═══ Record excerpts
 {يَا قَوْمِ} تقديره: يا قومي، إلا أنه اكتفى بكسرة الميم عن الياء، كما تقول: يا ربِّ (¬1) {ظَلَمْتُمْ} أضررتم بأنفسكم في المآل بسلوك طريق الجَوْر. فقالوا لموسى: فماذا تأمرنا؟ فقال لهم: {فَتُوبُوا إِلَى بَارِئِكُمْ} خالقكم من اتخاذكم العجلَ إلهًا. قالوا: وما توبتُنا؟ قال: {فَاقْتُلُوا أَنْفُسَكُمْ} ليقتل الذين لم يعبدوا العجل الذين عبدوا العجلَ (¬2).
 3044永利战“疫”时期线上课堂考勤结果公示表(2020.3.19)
══════
═══ Record excerpts
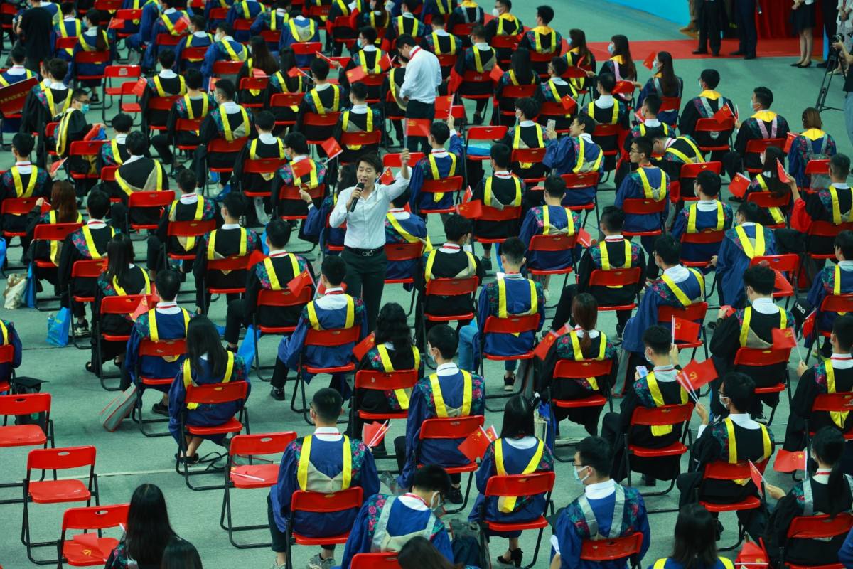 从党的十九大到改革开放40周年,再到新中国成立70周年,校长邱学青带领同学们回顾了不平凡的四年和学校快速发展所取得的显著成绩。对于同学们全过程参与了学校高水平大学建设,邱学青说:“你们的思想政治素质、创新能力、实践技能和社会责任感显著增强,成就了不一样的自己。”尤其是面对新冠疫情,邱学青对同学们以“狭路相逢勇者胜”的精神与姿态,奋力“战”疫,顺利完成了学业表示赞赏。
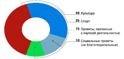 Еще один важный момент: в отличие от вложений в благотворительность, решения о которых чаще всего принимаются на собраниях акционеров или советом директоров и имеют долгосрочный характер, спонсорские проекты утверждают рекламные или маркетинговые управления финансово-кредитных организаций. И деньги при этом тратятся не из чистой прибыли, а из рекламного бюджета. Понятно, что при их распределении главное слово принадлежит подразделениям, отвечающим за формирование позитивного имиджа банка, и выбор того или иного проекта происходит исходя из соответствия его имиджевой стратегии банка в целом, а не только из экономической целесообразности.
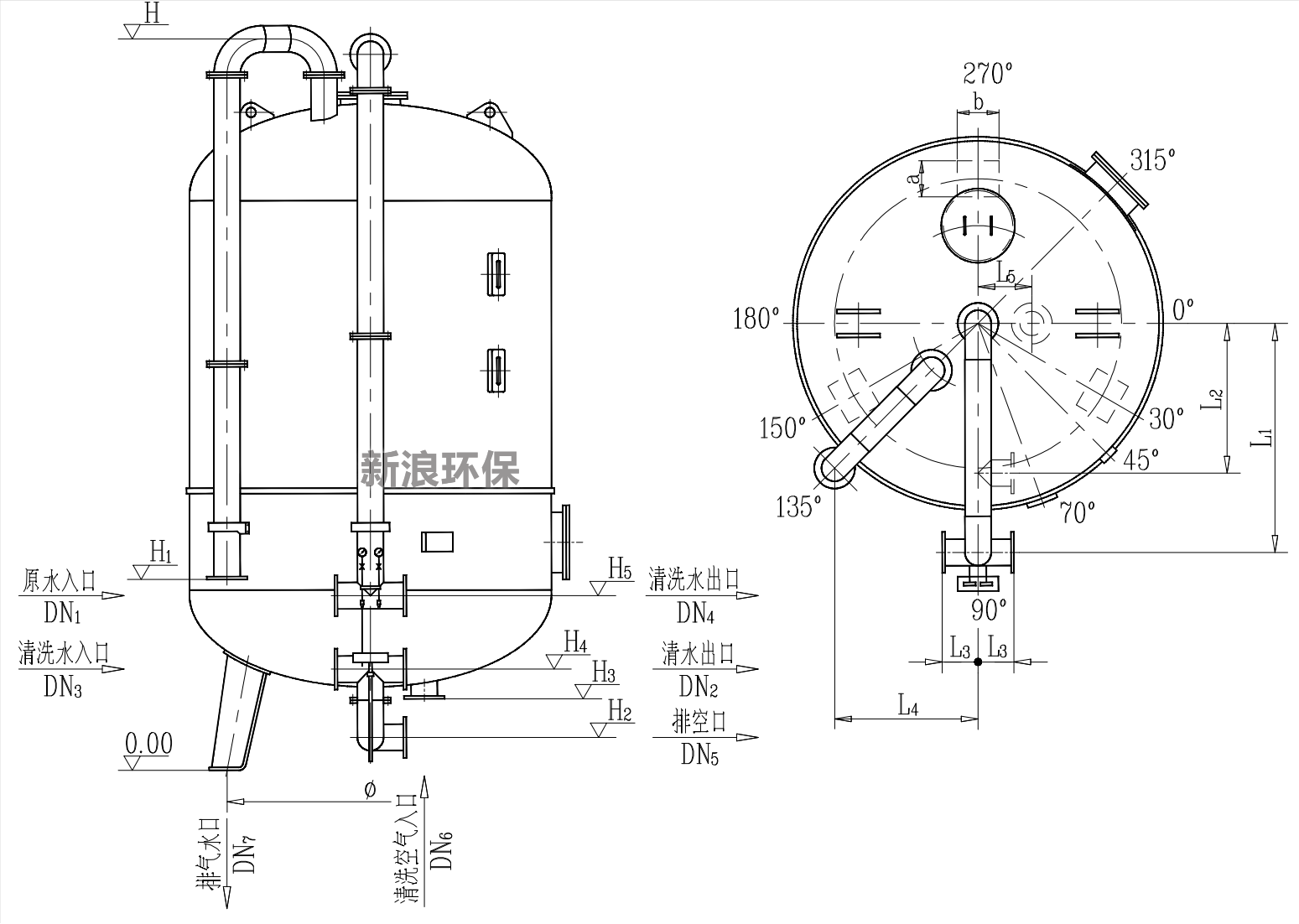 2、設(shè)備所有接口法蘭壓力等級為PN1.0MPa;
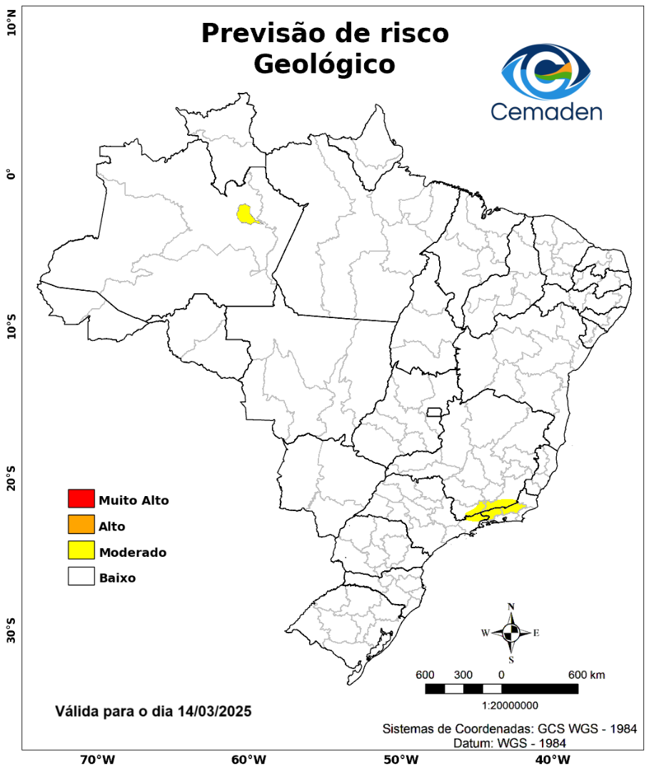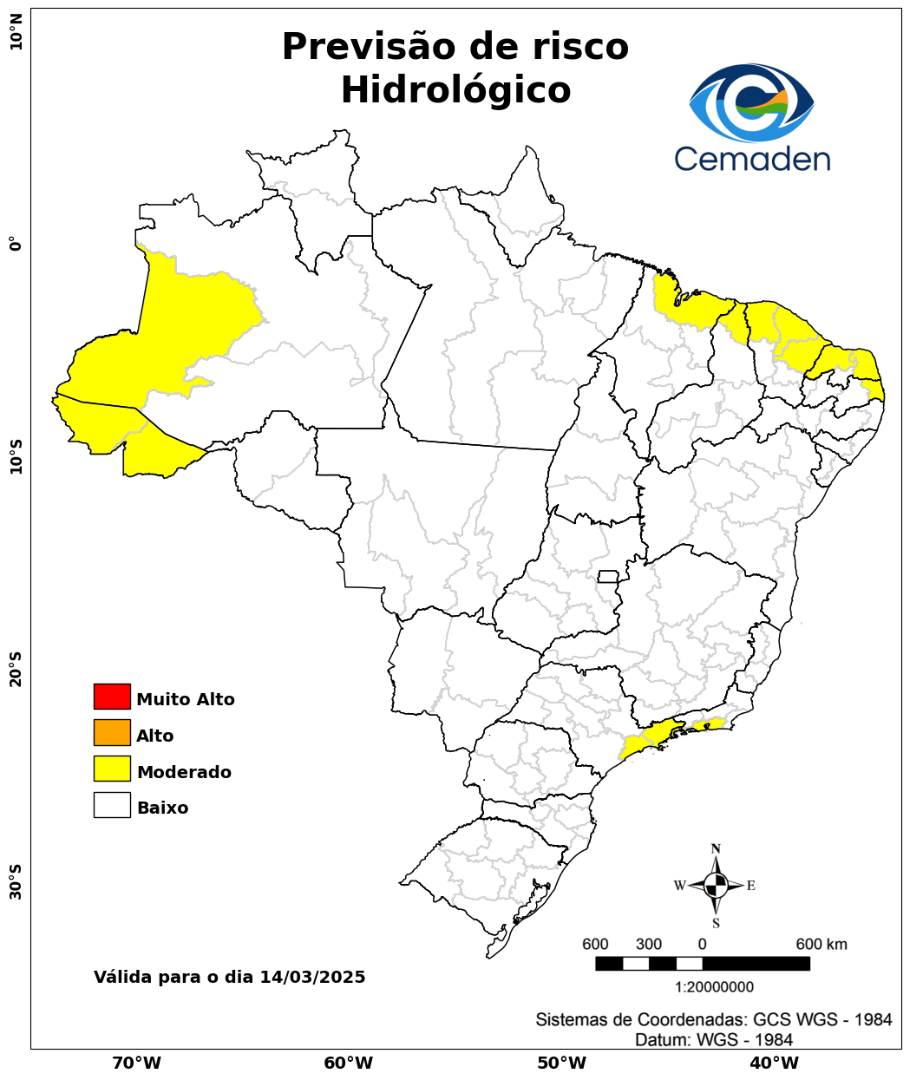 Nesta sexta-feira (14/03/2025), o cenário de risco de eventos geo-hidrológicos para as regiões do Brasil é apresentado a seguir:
══════
═══ Record excerpts
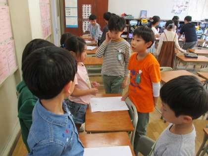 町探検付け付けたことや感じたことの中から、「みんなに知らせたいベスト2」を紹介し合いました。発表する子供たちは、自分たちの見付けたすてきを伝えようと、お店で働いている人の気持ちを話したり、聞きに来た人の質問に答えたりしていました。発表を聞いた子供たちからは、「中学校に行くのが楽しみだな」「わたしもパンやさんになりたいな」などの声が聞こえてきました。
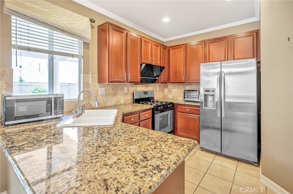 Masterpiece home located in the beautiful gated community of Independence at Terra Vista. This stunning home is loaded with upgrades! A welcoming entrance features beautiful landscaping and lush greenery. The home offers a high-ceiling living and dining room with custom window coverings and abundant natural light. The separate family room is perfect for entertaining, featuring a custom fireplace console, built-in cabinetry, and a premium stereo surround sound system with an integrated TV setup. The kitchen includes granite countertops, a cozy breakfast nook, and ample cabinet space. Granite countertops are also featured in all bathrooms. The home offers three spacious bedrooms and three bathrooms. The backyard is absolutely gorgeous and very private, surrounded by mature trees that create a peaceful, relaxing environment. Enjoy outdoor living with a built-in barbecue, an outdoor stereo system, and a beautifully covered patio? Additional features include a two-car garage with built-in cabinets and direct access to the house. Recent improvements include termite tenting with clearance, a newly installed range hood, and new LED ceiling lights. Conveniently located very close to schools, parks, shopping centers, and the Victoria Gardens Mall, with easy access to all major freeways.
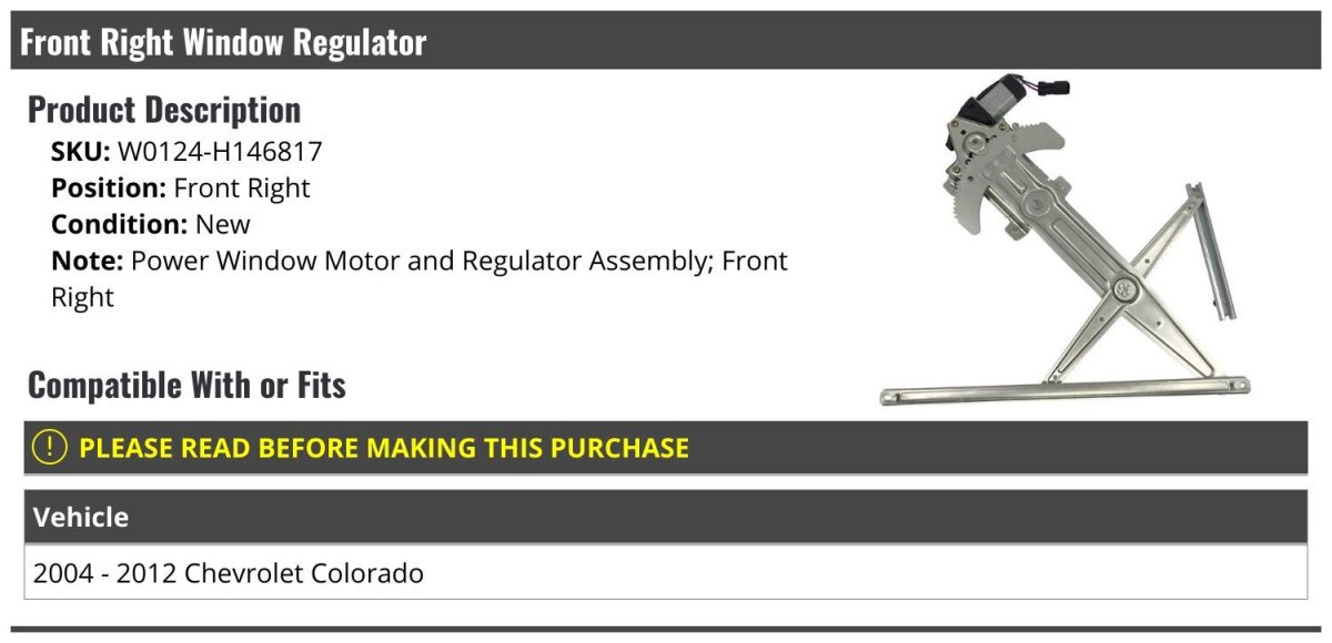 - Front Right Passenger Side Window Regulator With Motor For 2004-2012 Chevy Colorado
══════
> **Exercise directions**
Copy out exactly the lines above beginning with the line that contains "Masterpiece home located" and finishing with the line that contains "- Front Right", including both; leave the pictures out.

> **Answer for the task**
 Masterpiece home located in the beautiful gated community of Independence at Terra Vista. This stunning home is loaded with upgrades! A welcoming entrance features beautiful landscaping and lush greenery. The home offers a high-ceiling living and dining room with custom window coverings and abundant natural light. The separate family room is perfect for entertaining, featuring a custom fireplace console, built-in cabinetry, and a premium stereo surround sound system with an integrated TV setup. The kitchen includes granite countertops, a cozy breakfast nook, and ample cabinet space. Granite countertops are also featured in all bathrooms. The home offers three spacious bedrooms and three bathrooms. The backyard is absolutely gorgeous and very private, surrounded by mature trees that create a peaceful, relaxing environment. Enjoy outdoor living with a built-in barbecue, an outdoor stereo system, and a beautifully covered patio? Additional features include a two-car garage with built-in cabinets and direct access to the house. Recent improvements include termite tenting with clearance, a newly installed range hood, and new LED ceiling lights. Conveniently located very close to schools, parks, shopping centers, and the Victoria Gardens Mall, with easy access to all major freeways.
 - Front Right Passenger Side Window Regulator With Motor For 2004-2012 Chevy Colorado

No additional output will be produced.